Institutions are required to segment risks into homogeneous pools for the calculation of PD. For this segmentation, some institutions would like to use credit scoresFootnote 5 developed by external vendors to distinguish high risks from low risks. The developer may use data from other institutions. To protect the confidence of contributing institutions and their customers, developers may not share the full development dataset. Users of the scores may look at summary statistics or extracts from the development file, but the cost of doing this is material. Whether or not the institution can see full details of the dataset, the developer may consider the logic underlying a score as valuable intellectual property, and will not share the details with institutions.

Paragraphs 418 - 420 of CAR require documentation of design, rating criteria, and inputs to a system. Compliance with these requirements may be difficult when data collection is in the hands of a third party and details of the model generating scores are considered proprietary information. However, institutions may not ignore these requirements. Paragraph 421 states that the fact that a model uses proprietary technology from a third party vendor does not exempt an institution from standards for rating systems or documentation.

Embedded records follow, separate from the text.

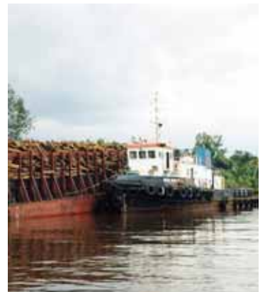
Holztransport für APP aus dem Regenwald auf dem Siak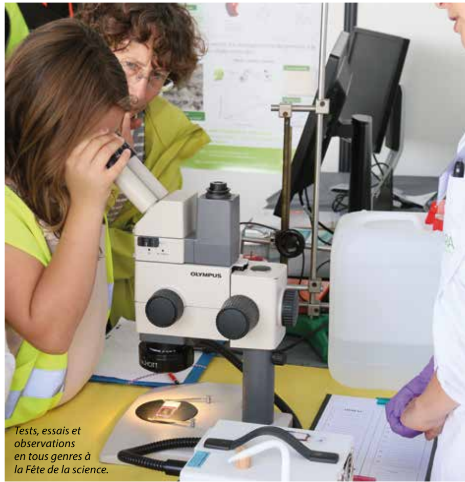
Tests, essais et observations en tous genres à la Fête de la science.

Comprendre les mécanismes de l'allergie, applaudir aux exploits d'un robot en action, s'initier au codage informatique... Voilà quelques-unes des 270 invitations lancées par la Fête de la science, organisée par l'État et la Région des Pays de la Loire jusqu'au 15 octobre.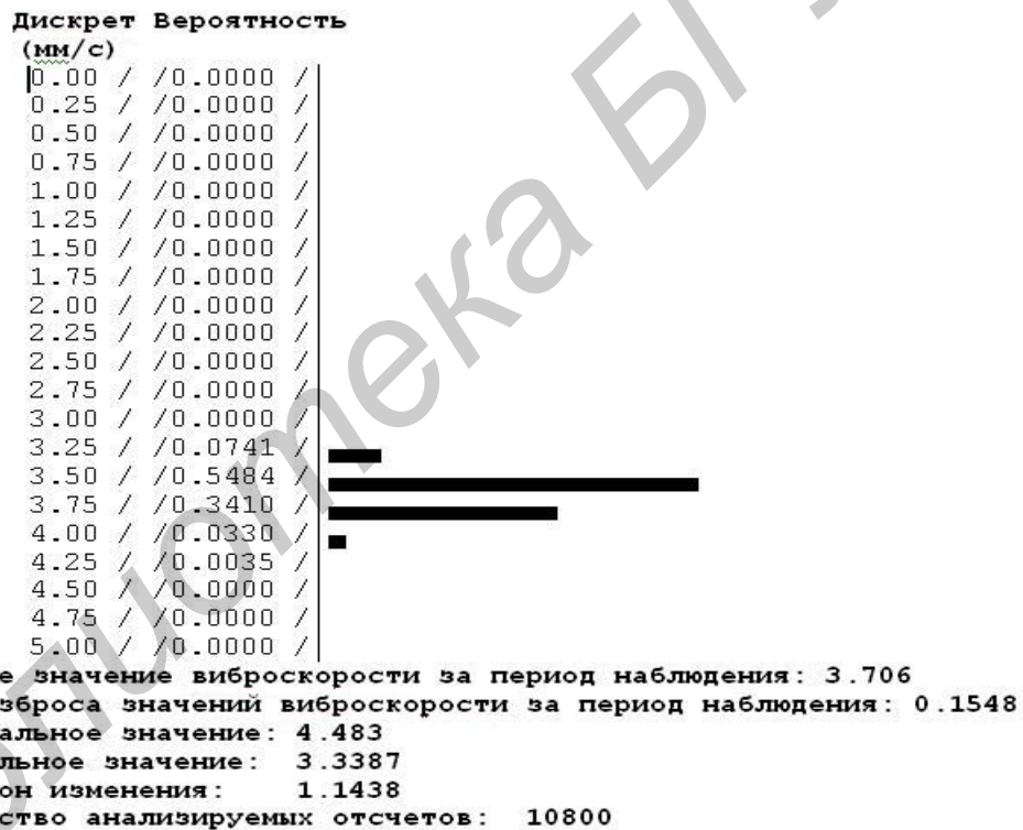
Рис. 3. Результаты обработки суточного временного тренда СКЗ виброскорости подшипника генератора при его нормальной работе

Статистическая обработка данных может быть выполнена с помощью достаточно простого программного средства. На рис. 3 показан пример такой обработки, в результате которой получена гистограмма распределения СКЗ виброскорости по уровню и численные значения, определяющие отличительные особенности его изменения. Эти вычисленные значения можно принять в качестве вектора информативно-значимых параметров для системы поддержки принятия решений по оценке изменения технического состояния контролируемого объекта.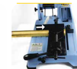
4. Diriger la pièce vers la butée.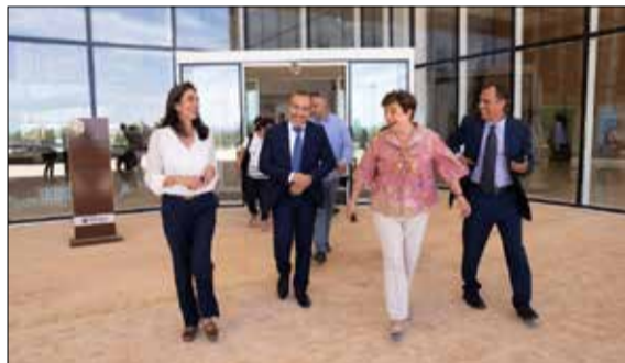
La directrice générale du FMI Christalina Georgieva lors de sa visite du site des travaux annuelles du FMI et de la Banque mondiale à Marrakech.

P as une seule chambre de disponible à Marrakech du 9 et 15 octobre. Toute la capacité litère de la ville ocre est réservée pendant cette période pour les quelque 14.000 participants venus du monde entier aux Assemblées générales du FMI et de la Banque mondiale. Maintenu par les deux institutions de Bretton Woods après le séisme qui a frappé le Haut-Atlas, cet évènement international aux effets d'entraînements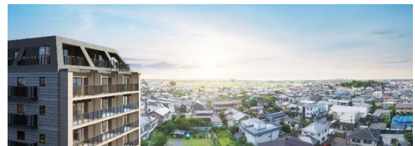
眺望合成完成予想図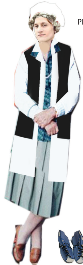
PERUKA Z CZEPKIEM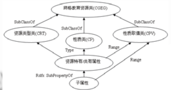
图 3 教育资源 RDF Schema 层次模型

RDF 预定义的词汇表只能提供由 Resources，Properties 和 Statements 三种对象组成的基本模型。在进行资源描述时这些词汇是远不够用的。为此 RDF 定义了标准 Schema，在其中规定了描述类、属性及其语义的机制，使用户可以定制 RDF 词汇表。有了这些词汇表就可以对各种资源进行 RDF 描述 [5] 。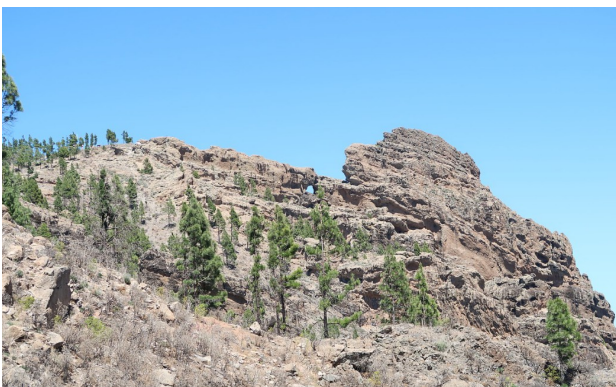
Morro de la Agujereada

Ved siden av står den mindre Roque Rana («Froskeklippen»).

The use of a credit score for retail segmentation is similar to the use of expert judgement in corporate underwriting, mapping to external rating systems, and using external benchmarks.

These are expressly permitted or required by CAR, even though it is unlikely that institutions will be able to document all the processes behind an expert's judgment, the decisions of an external rating system, or the development of an external benchmark. Similarly, institutions may use credit scores to segment retail risks into homogeneous pools to develop IRB parameters, even without seeing all the development data, and without knowing the precise details of the scoring formula.

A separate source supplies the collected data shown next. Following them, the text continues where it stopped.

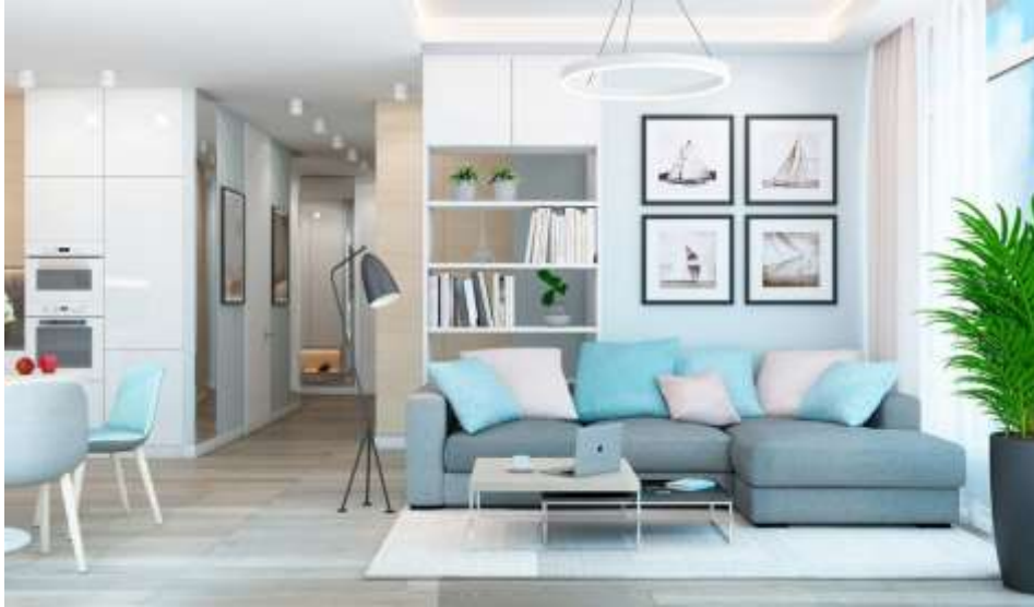
14-rasm. Interyerda ishki makonni tashkil qilish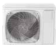
SU 036 NB.UE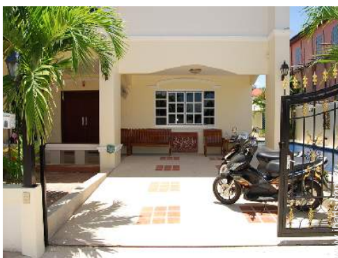
vista a partir do pátio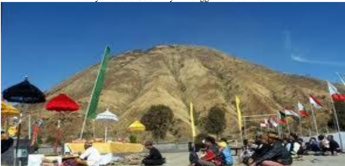
Yadnya Kasodo Ceremony in Tengger/ Bromo Mountain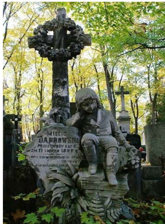
Nagrobek Miecicia Dąbrowskiego proj. Bartłomiej Mazurek 1896 r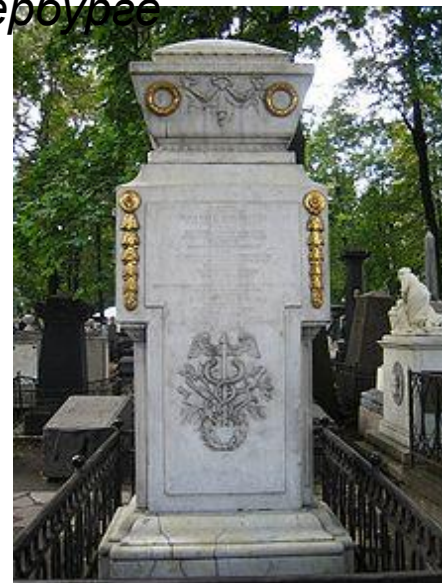
Могила Ломоносова в Александро-Невской лавре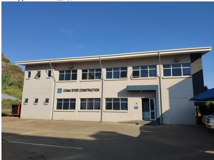
中国建筑工程总公司博茨瓦纳有限公司

博茨瓦纳政府采购和资产处置委员会发布招标项目和中标等相关信息，亦可通过当地报纸刊登的政府项目招标公告了解信息，或登陆 www.ppadb.co.bw 查询。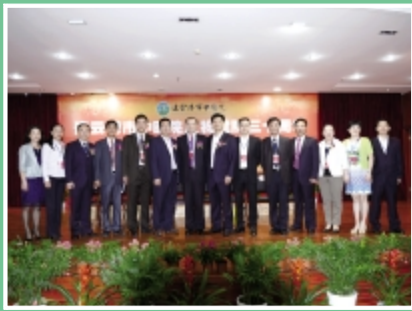
职能部门代表合影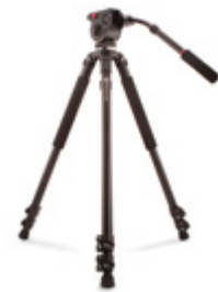
Trépied Professionnel VT-16 Fluid PCPT1601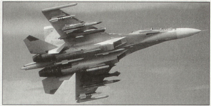
Prototyp des Kampfflugzeuges Su-30MK.

Gemäss Weisung des österreichischen Verteidigungsministers ist nach der Inkraftsetzung der Reorganisation eine zweijährige Erprobungsphase vorgesehen. Eine Evaluierung soll im Jahr 2005 erfolgen. hg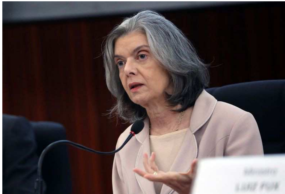
A presidente do CNJ e do STF, Cármen Lúcia, apresentou o anuário Justiça em Números 2017

A lei permite a existência dos "supersalários", como são conhecidos aqueles que maiores que o teto. Segundo entendimento do próprio STF, os "penduricalhos" não entram no cálculo. Apenas seis estados têm menos despesas mensais com magistrados do que o Maranhão. São eles: Acre (R$ 41,9 mil), Ceará (R$ 35,9 mil), Rio Grande do Norte (R$ 34,3 mil), Alagoas (R$ 25,1 mil), Pará (R$ 31 mil) e Piauí (R$ 23,3 mil).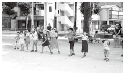
公園で思いっきりとんぼ飛ばしよ！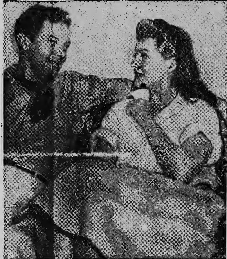
FILM STAR Rita Hayworth and her husband, singer Dick Haymes, relax in a Key West, Fla., hotel, where they admit they are more interested in fishing at the moment than in reports that her ex-husband, Prince Aly Khan, was expected to arrive. The legal issue involves a financial settlement for Yasmine, their daughter.

Tegen 23 uur was de receptie afgelopen en keerden de hoge gasten terug naar de hoofdstad.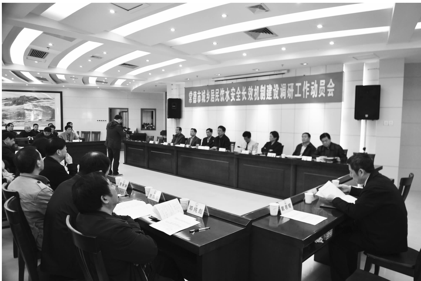
3月23日,常德市城乡居民饮水安全长效机制建设调研工作动员会在市人大常委会机关召开。

一年过去了,全市城乡居民饮水安全工作进展如何?有哪些经验做法和典型事迹?存在哪些问题?如何进一步建立城乡居民饮水安全长效机制?本刊推出“建设‘一号工程’落实‘一号议案’”专栏,对这项民生工程进行深入报道。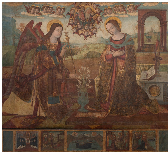
Slika 3, Nikola Božidarević, Navještenje , muzej samostana sv. Dominika, Dubrovnik

Edenski je vrt pak prvi dom čovječanstva. Riječ je o plodnom mjestu s pregršt voća i cvijeća gdje teku kristalno čiste vode i obitavaju pitome životinje. Idilično mjesto u kojemu su svačije potrebe zadovoljene i gdje prevladava čista ljubav postalo je epitom savršenstva mirnoga življenja kojemu se svaki pojedinac kani vratiti. Shodno je tomu u kršćanskoj umjetnosti rajski vrt prikazan kao mjesto gdje u bujnoj zelenoj travi u skladu leže sve divlje životinje. Eden se pojavljuje na prikazima: Stvaranje Adama, Stvaranje Eve, Brak Adama i Eve, Iskušenje i pad, te Navještenje Djevici Mariji. 41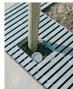
Trappe tuteurage + drainage

A model may use an input if it works reliably under all anticipated conditions. Although comforting, knowing the details of how an input was produced is neither sufficient nor absolutely necessary. For example, an input to structural models of credit risk is stock price, determined by thousands of individual investor decisions that may never be known, much less understood.

The use of credit scores to segment retail risks into homogeneous pools for the estimation of IRB PD depends on the empirical observation that the scores and PD are highly correlated. Scores are developed to predict the risk of default. Given the similarity of the definitions, one would not expect them to be independent. However, institutions should confirm the high degree of correlation.

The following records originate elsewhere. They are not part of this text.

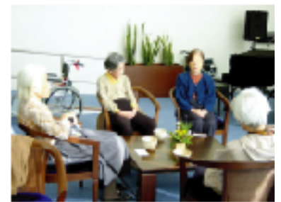
(お菓子) 多津瀬製 「鶏と福寿草」

1月2・3日ラウンジにてお茶と新年のお菓子を楽しんで頂きました。 「昔を思い出すわ」「新年って感じね」「たまにはこういうのもいいわね」と和やかな雰囲気の中で時間が流れました。 慣れない手前を担当したのは事務長で、お運び役は事務局スタッフです。皆緊張しましたが、入居者様一人一人にお茶とお菓子をお渡しする事で気持ちも引き締まりました。いつもラウンジに設置してある立札の短冊は、上田宗箇流家元から頂戴したもので、「喫茶去」ーお茶をのんで行きんさいーという意味が書いてあります。 また企画致しますのでどなた様もお茶を飲みいらして下さいね。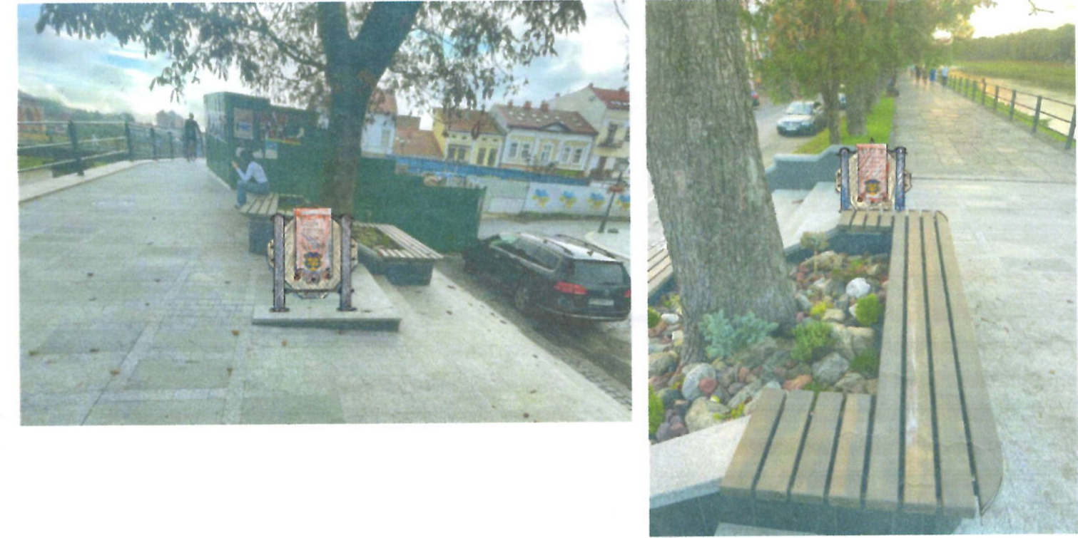
Фото-візуалізація розміщення міні скульптури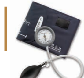
Aneroid integrado DS44 #DS44-11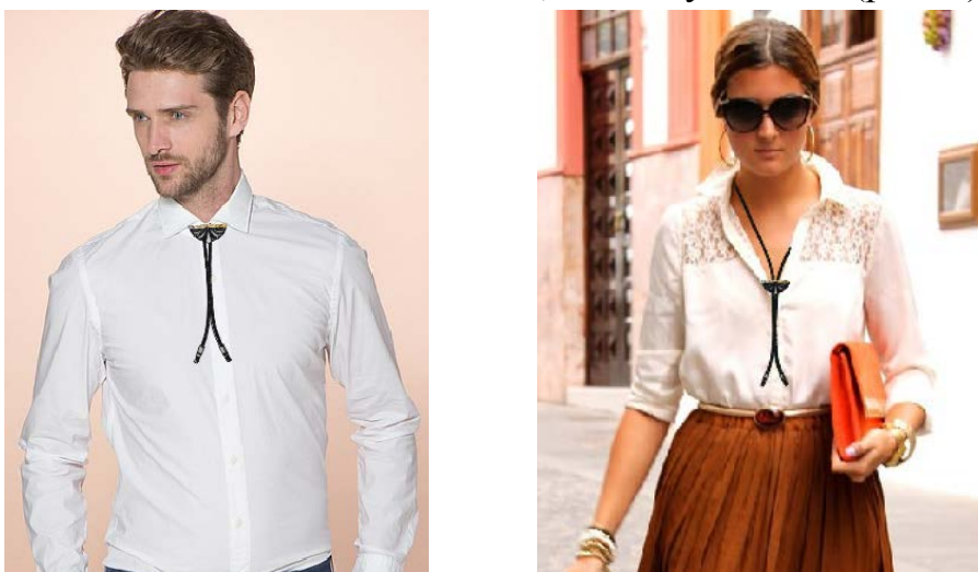
Рис. 4 – Эгрет с использованием подвижного зажима

Используя подвижный зажим, эгрет можно будет использовать как галстук болло, зафиксировав зажим на уровне самой верхней пуговицы рубашки или расположив его на любом другом расстоянии от воротника, эти варианты одинаково подходят как женщинам, так и мужчинам (рис. 4).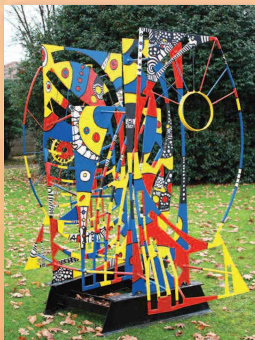
« Couleurs en suspens »

* Ciel écran - VTHR (Vidéo Transmission en Haute Résolution) : spectacles diffusés sur grand écran.

Institutions are unlikely to want to use credits scores in the management of their retail accounts without having confidence in the integrity of the scores’ development and their continuing accuracy in predicting the odds of an account going bad. It is in the interest of developers to provide assurance to institutions.

In summary, institutions may use credit scores to segment risks for IRB estimation without having complete information about the underlying data or model. However, the institution should obtain information and perform analysis to ensure that the scores are relevant to the risks and are properly used. Normally this would include:

  1. From the developer:
    1. An exposition of the general methodology for developing scores, e.g., a specific type of neural network, logistic or probit.
    2. An understanding of the data available for modeling.
    3. A statement of the purpose of the model, its intended output, and the conditions under which it is expected to work.
    4. Historical performance of scoring models that the developer has built using this methodology.
    5. A statistical profile of the development population.
    6. An explanation of the developer's process to monitor and change the model when necessary.
    7. Contractual undertakings to report the performance of the model and the statistical characteristics of the population against which its performance is measured.
    8. Contractual undertakings to report any changes to the model.
  2. To assure the validity of the behaviour score as a relevant basis for segmentation, the institution should:
    1. Review industry and academic literature to understand the strengths and weaknesses of the methodology used to develop the score.
    2. Review the statistical profile of the development population.
    3. Regularly recalibrate the score to the institution’s own customers, and confirm that the score accurately predicts the odds of going "bad" (or whatever event the score is designed to predict).
    4. Periodically calculate the correlation of the score to the probability of default as defined in CAR.
    5. Track the relation of the score to CAR definition of PD, through time.
    6. Test the power of the score to discriminate the risk of default.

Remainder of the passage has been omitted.